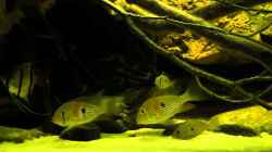 11.09.12 Der kleinste der Flaggenbuntbarsche lag letzte Woche tot im Aquarium :( Es gab vorgängig keine Anzeichen dass er krank sein könnte, hach es war so traurig...heute hat dafür das Pärchen wieder gelaicht, die Geophagus lassen immer mehr Farbe erkennen, es sind einfach tolle Tiere. Die Skalare haben sich einigermassen arangiert, es gibt nur kleinere Streitigkeiten.
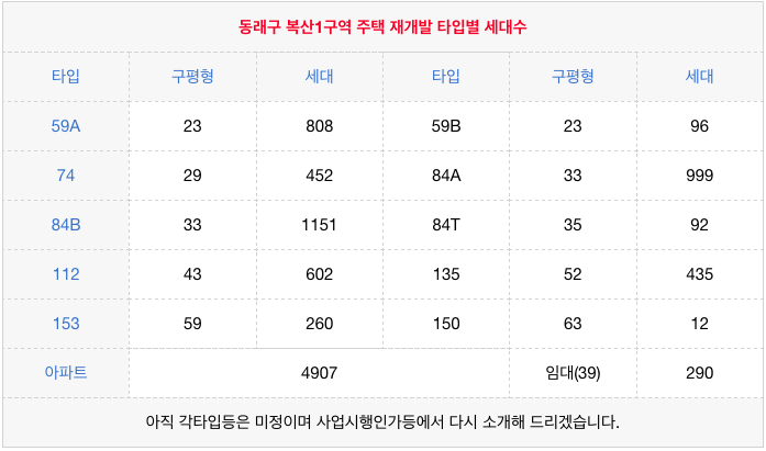 복산1구역 재개발 의 타입별 세대수를 보면 추가적인 특징을 볼수 있습니다.
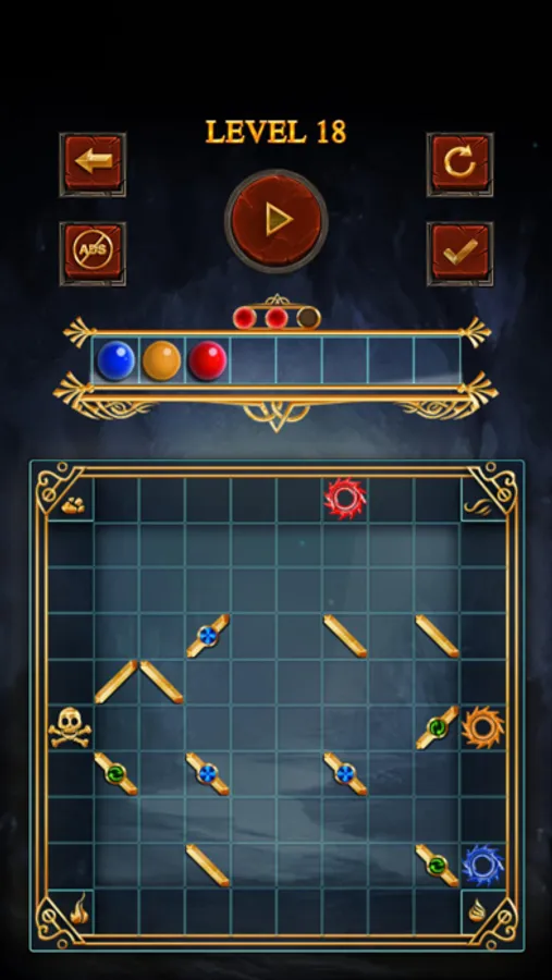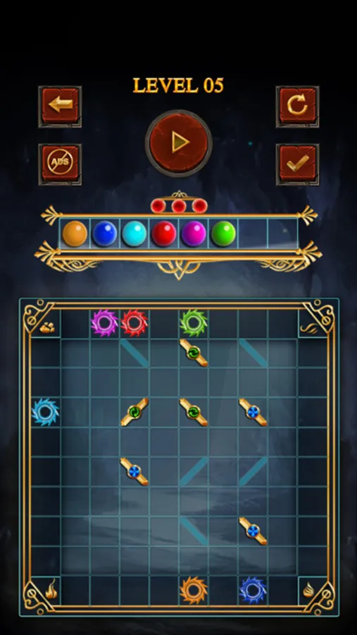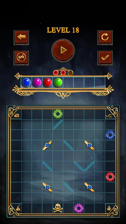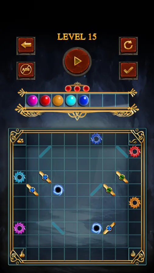 Try to place all the marbles the their own target destinations at an order, by using their reflections from couple of mirrors.
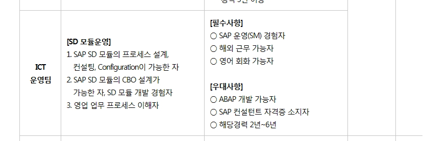 넥센타이어에서 SAP SD 모듈 운영 및 유지보수 경력사원 채용정보입니다.
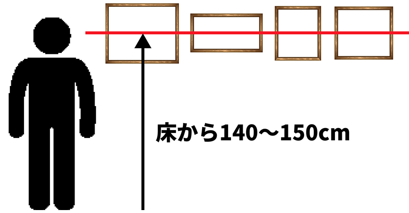 壁などに絵を掛けるときは、一般的に絵の中心が床から140〜150cmの高さ、大人が立ったときの目線と同じくらいに合わせると見やすく、部屋の中で収まり良く見えるとされています。これは美術館や画廊などでもよく使われている高さです。
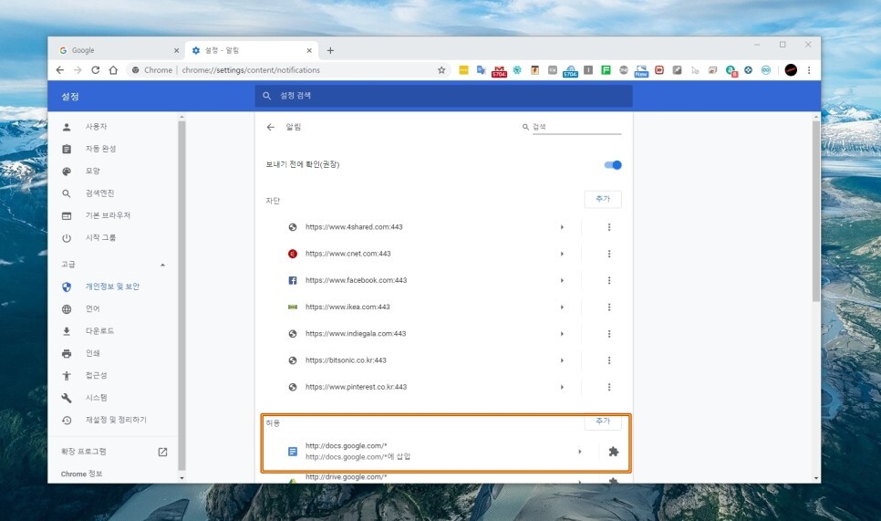 “알림”에 들어가 보면 위와 같이 각 사이트별로 알림을 허용 또는 차단된 주소목록이 나옵니다.

## [Exercise prompt]
Everything from the first line of the entries through the line that contains "복산1구역 재개발 의 타입별 세대수를 보면 추가적인 특징을 볼수 있습니다." is to be reproduced exactly, except the pictures.

## [Output for this task]
 11.09.12 Der kleinste der Flaggenbuntbarsche lag letzte Woche tot im Aquarium :( Es gab vorgängig keine Anzeichen dass er krank sein könnte, hach es war so traurig...heute hat dafür das Pärchen wieder gelaicht, die Geophagus lassen immer mehr Farbe erkennen, es sind einfach tolle Tiere. Die Skalare haben sich einigermassen arangiert, es gibt nur kleinere Streitigkeiten.
 복산1구역 재개발 의 타입별 세대수를 보면 추가적인 특징을 볼수 있습니다.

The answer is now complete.